In the years before the War Chimot had an atelier in Montmartre, haunted by "jeunes et jolies femmes" who served as his models. His first exhibition of drawings, etchings, and monotypes was in 1912; this was a success, and earned him a commission to illustrate René Baudu's text Les Après-midi de Montmartre with etchings of what André Warnod termed his "petites filles perdues" (little lost girls). Then came the long interruption of the First World War, during which Chimot was mobilized for nearly five years.

== A fresh start ==
After the war, Chimot rented Renoir’s studio in the Boulevard de Rochechouart. He already had the etchings for Les Après-midi de Montmartre. These were published in 1919, followed by La Montée aux enfers and Les Soirs d’opium by Maurice Magre, Le Fou by Aurele Partorni, L’Enfer by Henri Barbusse, La Petite Jeanne pâle by Jean de Tinan, and Mouki le Delaisse by André Cuel, all illustrated with original etchings between 1920 and 1922. In 1921 Chimot also founded a magazine, La Roseraie: Revue des Arts et des Lettres, published by the printer and publisher La Roseraie under Chimot's artistic direction. This however ceased production after a single issue.

=== Devambez ===
This led to the breakthrough in Chimot's career by which he became artistic director of Les Éditions d’Art Devambez. Between 1923 and 1931, from his atelier in the rue Ampère, he oversaw the production of an array of books illustrated by such artists as Pierre Brissaud, Edgar Chahine, Alméry Lobel-Riche, and Tsuguharu Foujita. He reserved some choice texts for himself, including Les Chansons de Bilitis by Pierre Louÿs (1925), Les Belles de nuit by Magre (1927), and Parallèlement by Paul Verlaine (1931).

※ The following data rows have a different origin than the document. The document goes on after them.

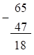 Vậy \(65 - 47 = 18\).
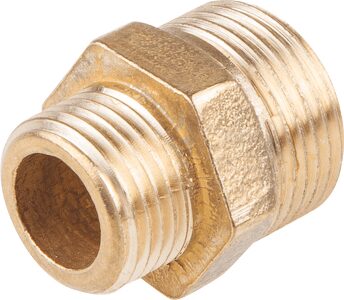 Ниппель латунный 1/2″х3/8″ с наружной резьбой ЦВЕТЛИТ (ЦРБ0128) предназначен для бессварочного соединения труб в быту и присоединения дополнительных приборов, бытовой техники и д.р. к существующей трубопроводной системе, работающей в условиях неагрессивных сред (вода, в том числе и питьевая, и др.) при температуре рабочей среды до 200°С и номинальном давлении до 1,0 МПа. Материал: латунь ЛЦ 40 Сд или ЛЦ40С.
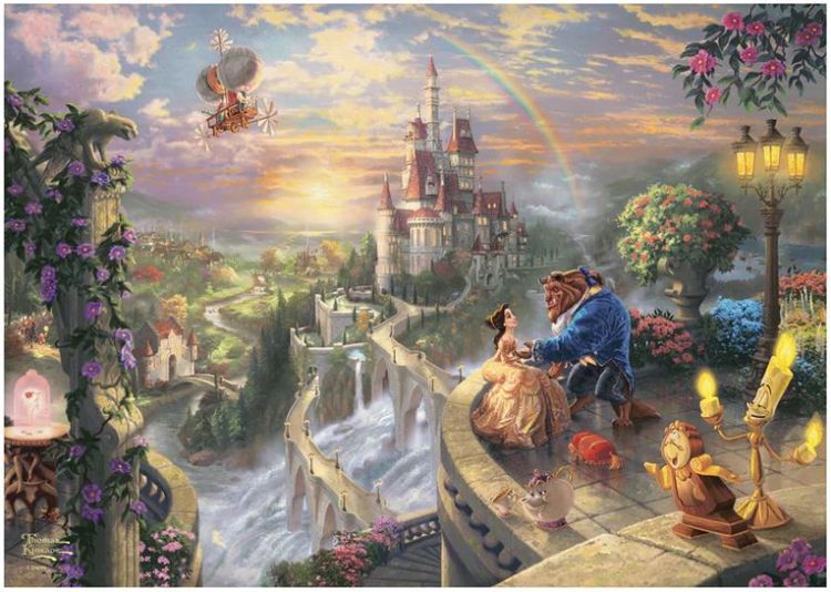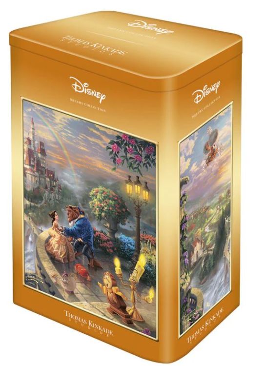 Puzzle Schmidt: Thomas Kinkade - Disney - - Frumoasa si Bestia indragostindu-se, 500 piese, cutie metalica - este un film de animatie din 1991, lansat initial de catre Walt Disney Pictures. Frumoasa este o fata nemultumita de viata dintr-un orasel provincial al Frantei, care incearca sa respinga dovezile de afectiune ale ingamfatului Gaston. Bestia este un prin transformat într-un animal fioros printr-o vraja pentru ca nu putea sa iubeasca. Destinele celor doi se intalnesc. Pentru a rupe vraja, Bestia trebuie sa-i castige dragostea frumoasei fete, altfel risca sa ramana asa pentru totdeauna.

The crucial decade of his career was that between the end of World War I and the Wall Street crash. It was during this time of frivolity and excess that Chimot created the haunting and compelling images by which his name will endure. Not only was he editing an important list for Devambez, but he remained at the same time as director of Éditions de La Roseraie, while also pursuing his own artistic career.

In the 1920s, Chimot also made at least two films, L’Ornière (1924, also known as Micheline Horn and as Sur le Chemin de Vrai) and Survivre (date unknown). During the glittering Jazz Age, Chimot was forming not just artistic but literary alliances, with writers such as the Surrealist Gilbert Lély, who dedicated the first publication of Ne tue ton père qu’à bon escient to Chimot in 1929. On 23 October of that year, Édouard Chimot must have felt gloriously launched on his late-started career. At the age of 49, he was a significant figure in the Paris art world, a generous patron of his fellow artists, and himself an artist with a public hungry for his late-Symbolist nudes, "soumises à leurs passions mortelles et délicieuses", as André Warnod put it.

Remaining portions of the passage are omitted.